WORK REQUEST: From the line containing "- แพ็กเกจ EPL&UEFA" to the last line of the data, both included, transcribe each line exactly, leaving out pictures and adding nothing.
------------------------------
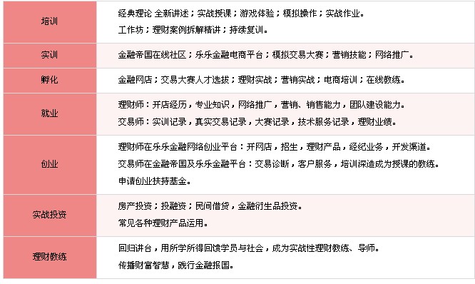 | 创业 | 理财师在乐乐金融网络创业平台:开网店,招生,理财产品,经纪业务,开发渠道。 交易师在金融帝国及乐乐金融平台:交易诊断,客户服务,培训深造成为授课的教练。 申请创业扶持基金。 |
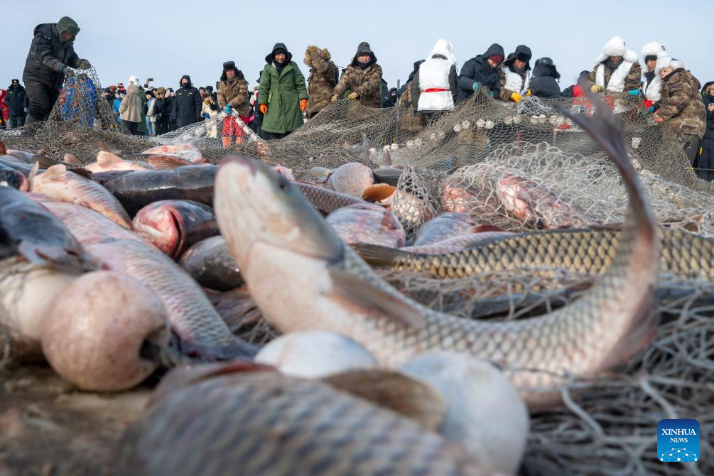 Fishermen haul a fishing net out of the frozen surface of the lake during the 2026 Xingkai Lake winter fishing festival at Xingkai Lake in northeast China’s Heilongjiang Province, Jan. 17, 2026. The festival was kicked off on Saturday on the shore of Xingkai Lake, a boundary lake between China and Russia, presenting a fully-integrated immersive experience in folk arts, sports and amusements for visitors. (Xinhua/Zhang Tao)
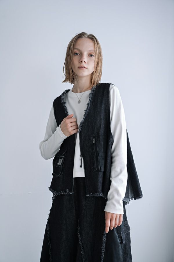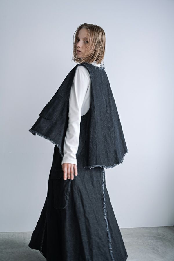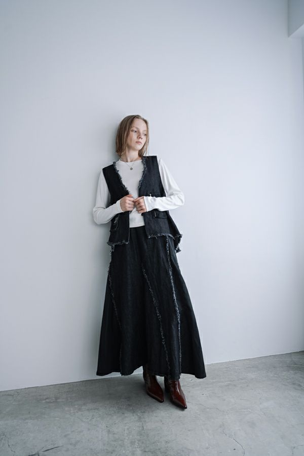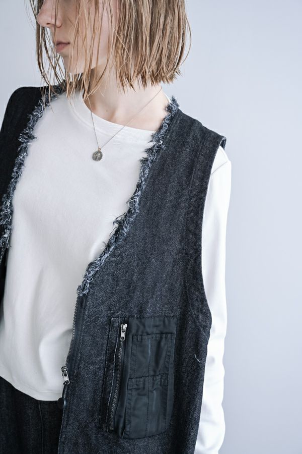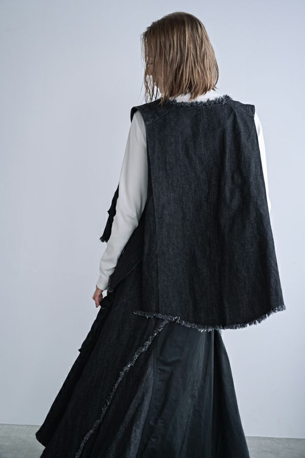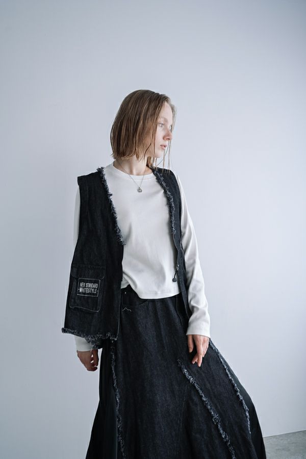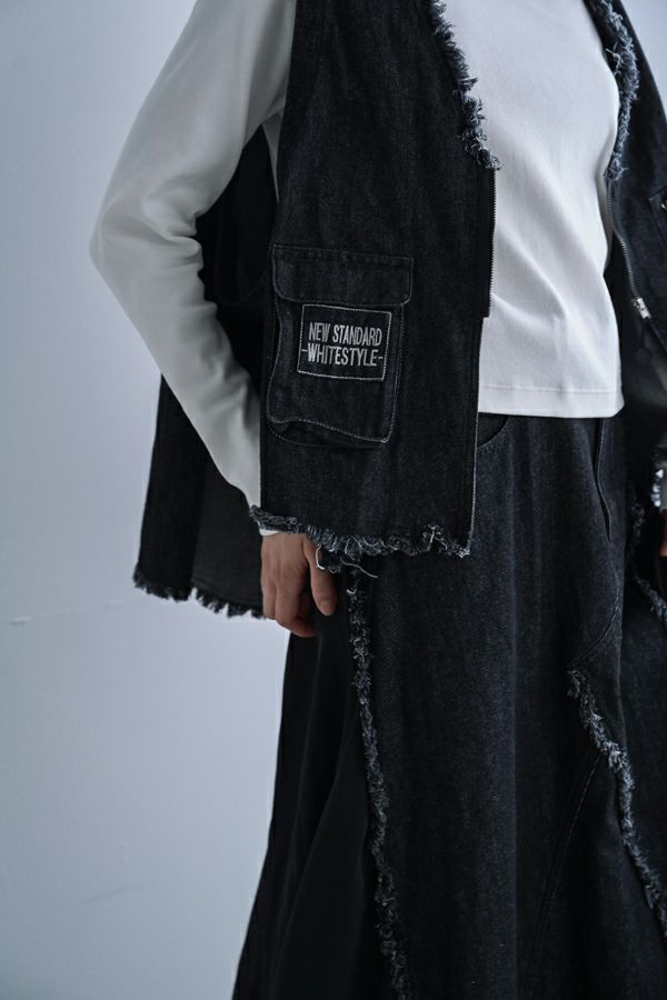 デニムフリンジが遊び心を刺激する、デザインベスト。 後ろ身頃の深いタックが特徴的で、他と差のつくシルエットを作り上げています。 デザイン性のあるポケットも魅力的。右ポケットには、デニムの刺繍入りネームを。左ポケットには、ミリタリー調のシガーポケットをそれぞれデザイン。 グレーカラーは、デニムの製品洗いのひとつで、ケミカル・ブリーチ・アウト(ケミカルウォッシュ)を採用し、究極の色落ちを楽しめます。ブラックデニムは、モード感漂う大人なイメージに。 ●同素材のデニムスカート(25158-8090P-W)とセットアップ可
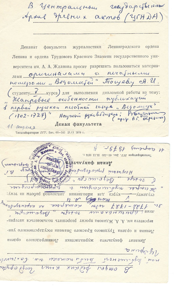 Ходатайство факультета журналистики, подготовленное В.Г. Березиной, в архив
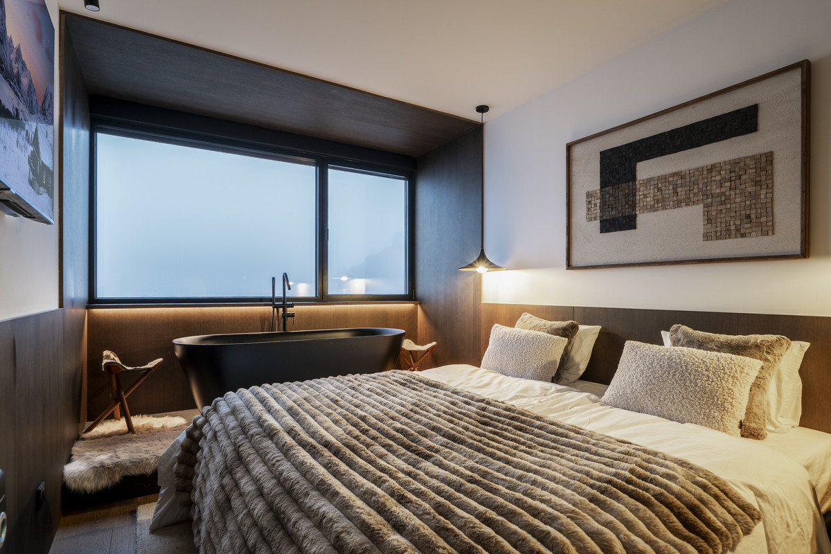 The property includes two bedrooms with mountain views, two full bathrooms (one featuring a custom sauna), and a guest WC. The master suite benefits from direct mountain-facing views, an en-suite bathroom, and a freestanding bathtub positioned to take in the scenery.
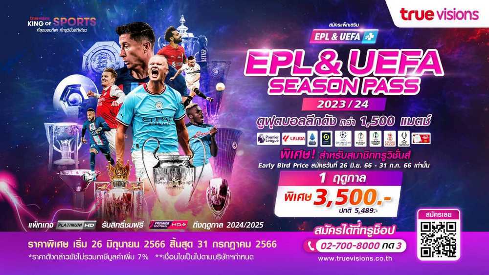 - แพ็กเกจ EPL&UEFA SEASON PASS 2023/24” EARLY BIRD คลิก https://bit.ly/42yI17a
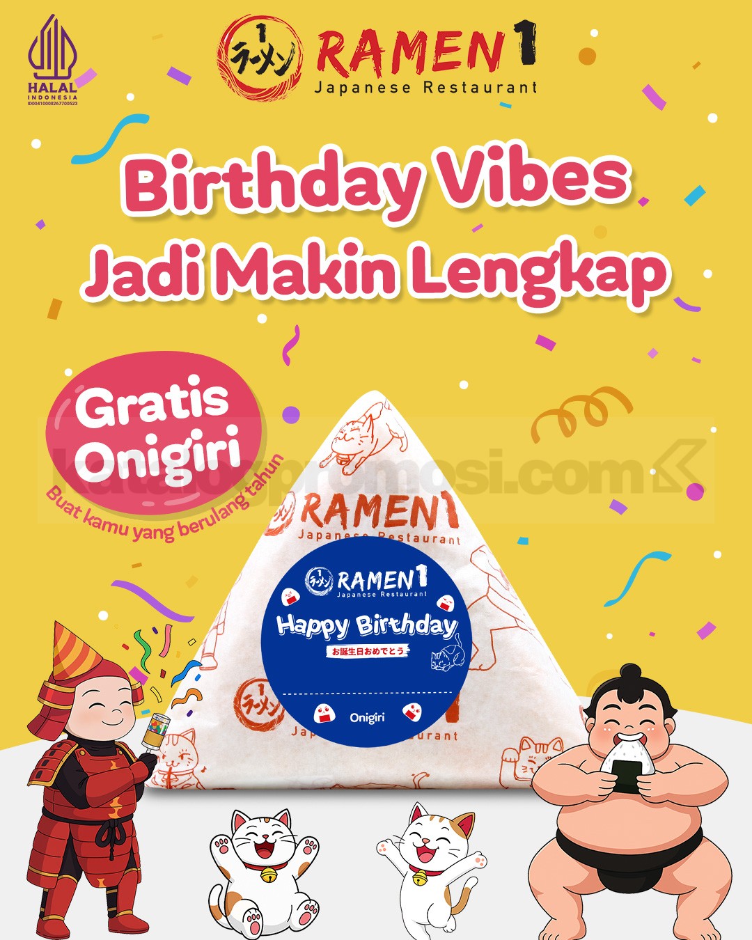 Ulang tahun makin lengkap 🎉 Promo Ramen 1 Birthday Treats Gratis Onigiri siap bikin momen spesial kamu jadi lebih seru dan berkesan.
------------------------------
EXERCISE OUTPUT:
 - แพ็กเกจ EPL&UEFA SEASON PASS 2023/24” EARLY BIRD คลิก https://bit.ly/42yI17a
 Ulang tahun makin lengkap 🎉 Promo Ramen 1 Birthday Treats Gratis Onigiri siap bikin momen spesial kamu jadi lebih seru dan berkesan.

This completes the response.